[Saved data entries]
+ + + + + + +

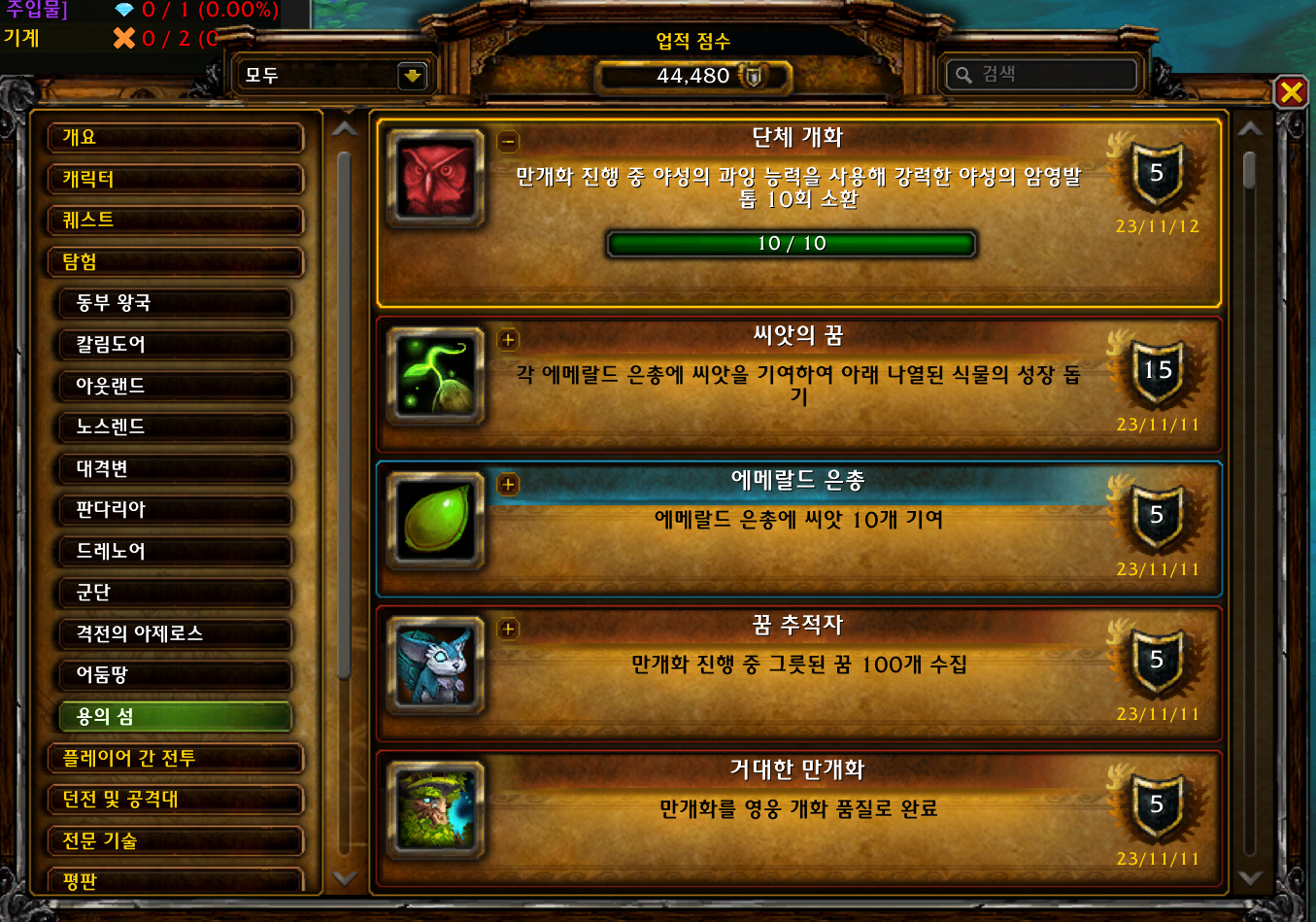 단체 개화 업적은 용군단 확장팩업적으로 에메랄드 꿈에서 만개화 이벤트일때 하는 업적입니다.
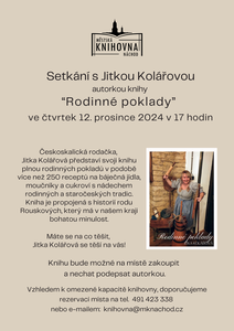 Ve čtvrtek 12. prosince pořádáme od 17.00 hodin ve studovně setkání s českoskalickou rodačkou Mgr. Jitkou Kolářovou. Představí nám knihu plnou rodinných pokladů, v podobě více než 250 inspirativních receptů ...
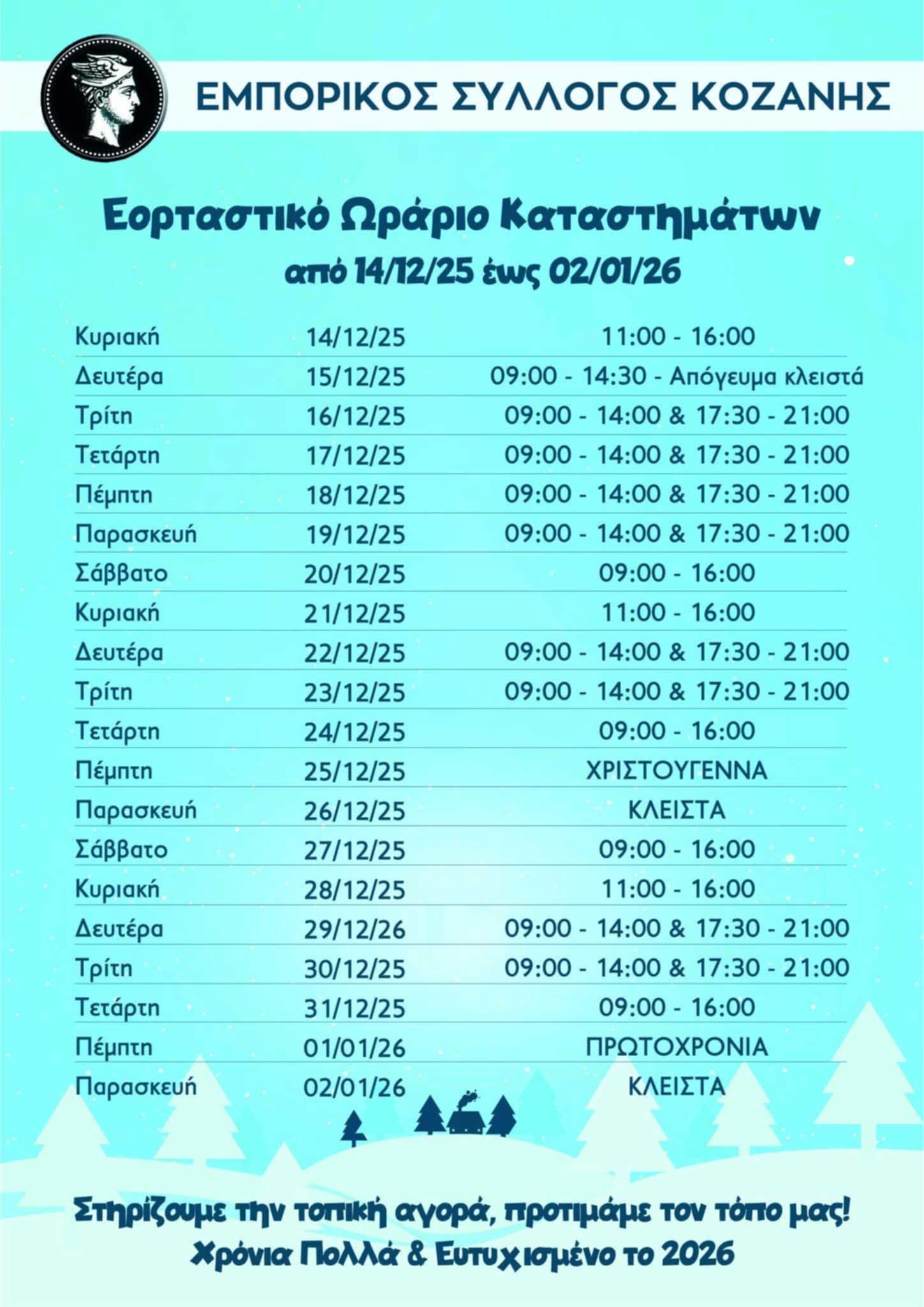 Εορταστικό Ωράριο των καταστημάτων για τις ημέρες των Χριστουγέννων και της Πρωτοχρονιάς.
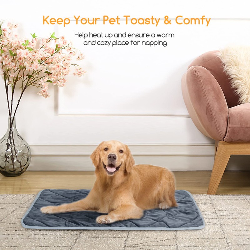- Safe Self-Heating. No plug or electricity required! Safe use, save worries. The self heating pet pad reflects and retains your pet’s body heat to make them warm and comfy. The thermal cat dog bed will effectively keep warm in cold days.
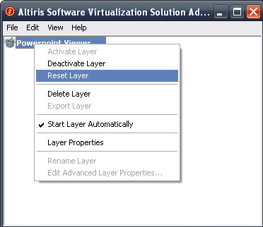 Het kan voorkomen dat de applicatie vast loopt. Dit kun je eenvoudig oplossen door de Layer te resetten.
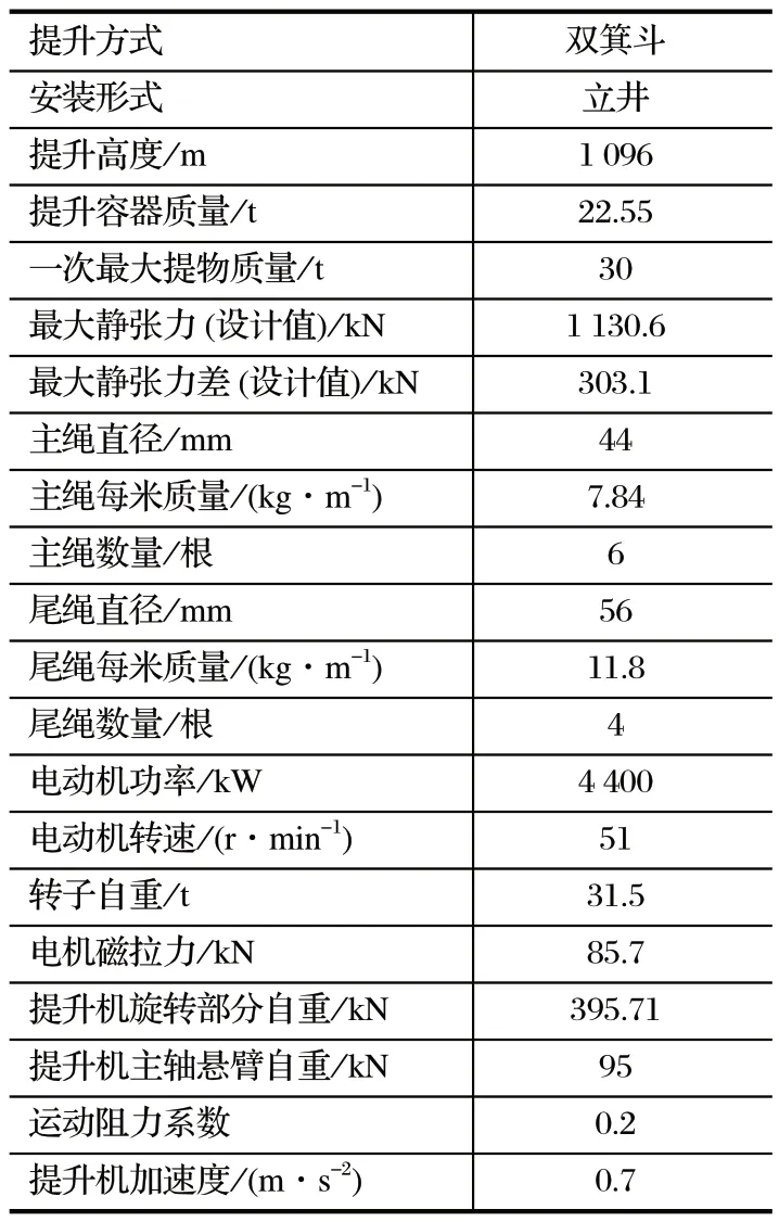 本研究以某礦 JKM-4.5×6PⅢ多繩摩擦式提升機為例,該提升機由中信重工機械股份有限公司設計制造,其系統參數如表1 所列。主軸傳動側采用 FAG雙列調心滾子軸承,軸承型號為 240/1060BK30.MB(FAG),軸承當量動載荷 Cr=18 600 kN,e =0.27,Y=2.47。
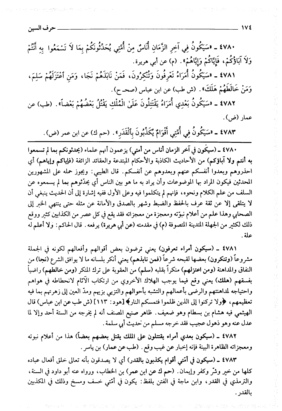 4783 - (سيكون في أمتي أقوام يكذبون بالقدر) أي لا يصدقون بأنه تعالى خلق أفعال عباده كلها من خير وشر وكفر وإيمان.
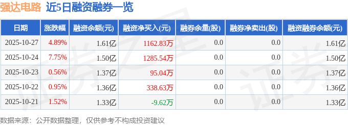 证券之星消息,截至2025年10月27日收盘,强达电路(301628)报收于91.83元,上涨4.89%,换手率20.99%,成交量3.95万手,成交额3.58亿元。
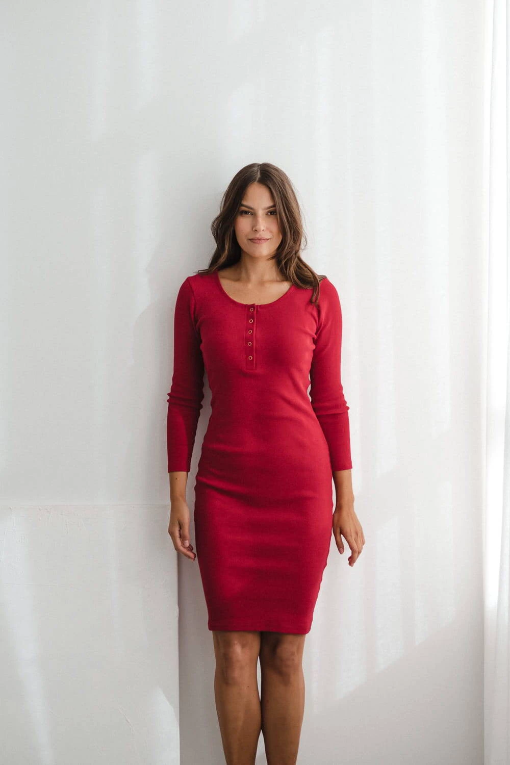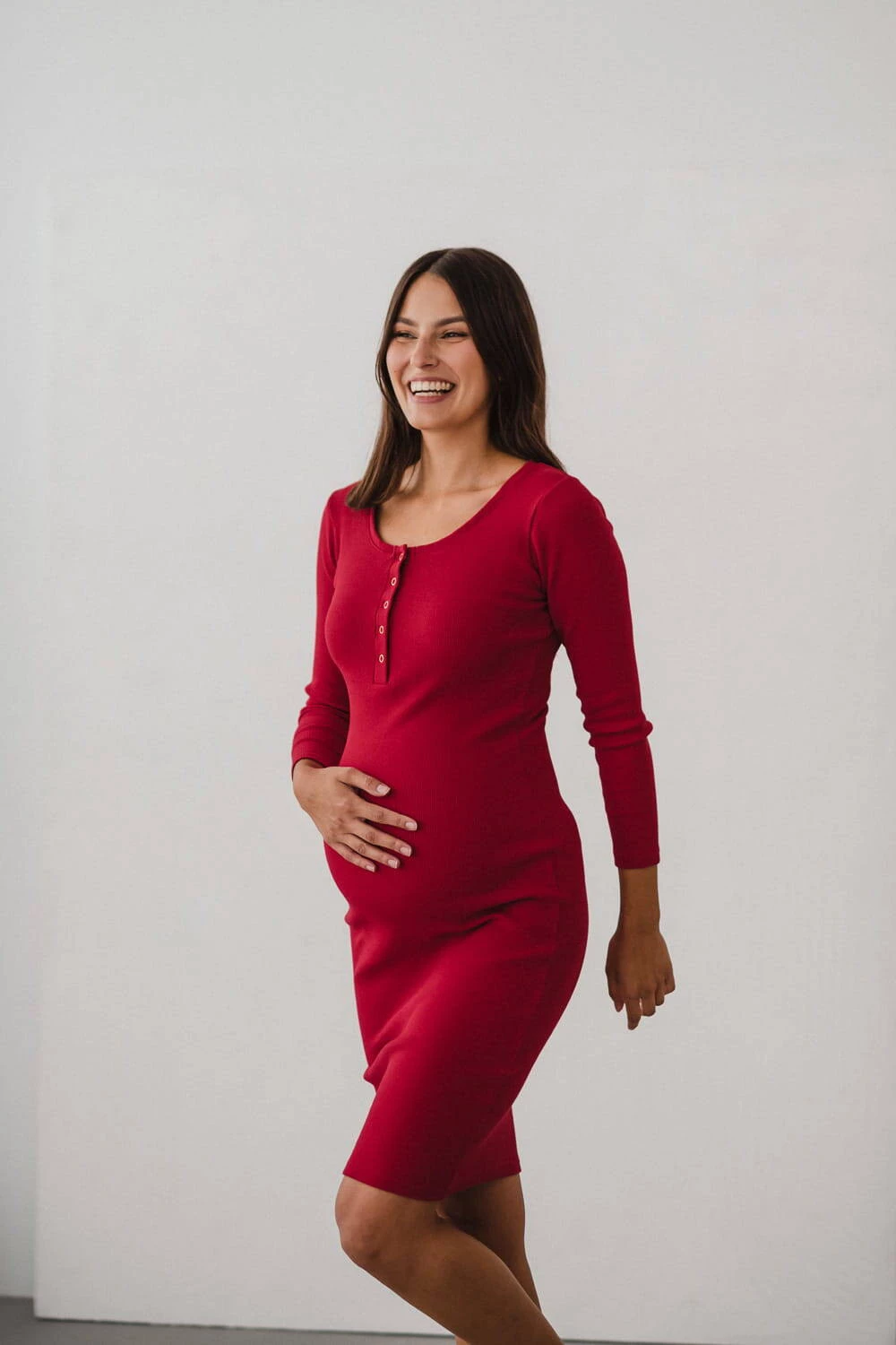 Das Umstands- und Stillkleid aus der Umstandsmode-Kollektion von Formommy besteht aus geripptem Strick in einem schönen roten Farbton. Diese Umstandsmode ist äußerst bequem und feminin. Dank hochwertigem Material, das sich nicht verformt und für Tragekomfort sorgt, bleibt Ihnen unsere Umstandsmode, darunter auch das rote Kleid für stillende Mütter, lange erhalten. Das perfekte Basic-Umstandskleid hat einen taillierten Schnitt und Druckknöpfe am Ausschnitt, was ein freies und diskretes Stillen ermöglicht. Bequeme Umstands-/Stillkleider sind ab dem ersten Trimester perfekt, Sie können sie auch nach der Schwangerschaft wie traditionelle gerade Kleider tragen.
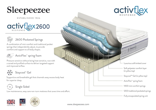 The Sleepeezee ActiveFlex Response 2600 Divan Set has much to offer with unique ActiveFlex spring foam, staycool gel and an extra layer of mini pocket springs. With all of these high quality materials this carefully crafted mattress will shape to the contours of your body ensuring you get optimal support and pressure relief.
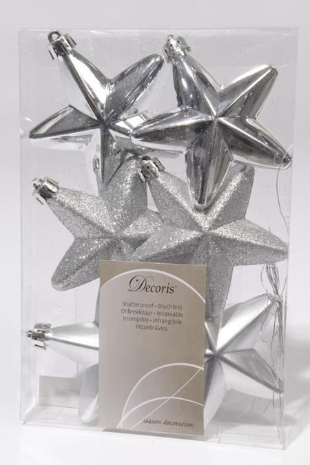 Decoris 027861 Kerstornamenten Sterren Zilver 7,5cm - Platte schoenen
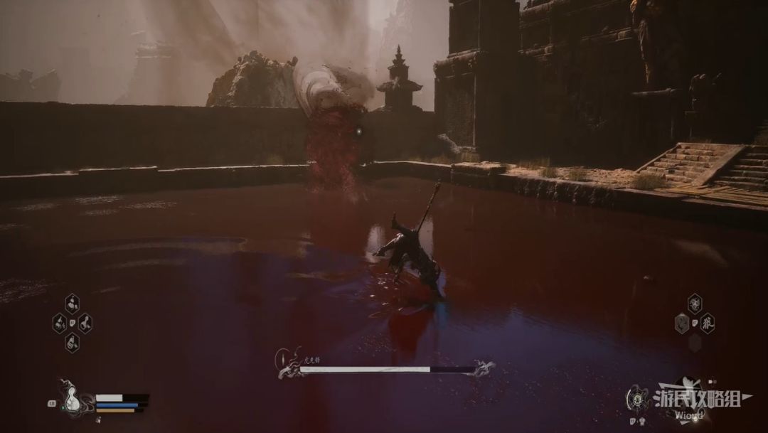 虎先锋每输出完一套军体拳,也就是打完一套连招都会有一定时间的后摇,我们通过这个时间快速用普攻积攒棍势,等待时机使用重击消耗血量,重击也可以打断虎先锋的连招。

+ + + + + + +

Requirement
The response must repeat exactly the lines above from the one with "4783 - (سيكون" through the one with "Das Umstands- und", including both, and must contain no pictures and no other text.

Task output
 4783 - (سيكون في أمتي أقوام يكذبون بالقدر) أي لا يصدقون بأنه تعالى خلق أفعال عباده كلها من خير وشر وكفر وإيمان.
 证券之星消息,截至2025年10月27日收盘,强达电路(301628)报收于91.83元,上涨4.89%,换手率20.99%,成交量3.95万手,成交额3.58亿元。
 Das Umstands- und Stillkleid aus der Umstandsmode-Kollektion von Formommy besteht aus geripptem Strick in einem schönen roten Farbton. Diese Umstandsmode ist äußerst bequem und feminin. Dank hochwertigem Material, das sich nicht verformt und für Tragekomfort sorgt, bleibt Ihnen unsere Umstandsmode, darunter auch das rote Kleid für stillende Mütter, lange erhalten. Das perfekte Basic-Umstandskleid hat einen taillierten Schnitt und Druckknöpfe am Ausschnitt, was ein freies und diskretes Stillen ermöglicht. Bequeme Umstands-/Stillkleider sind ab dem ersten Trimester perfekt, Sie können sie auch nach der Schwangerschaft wie traditionelle gerade Kleider tragen.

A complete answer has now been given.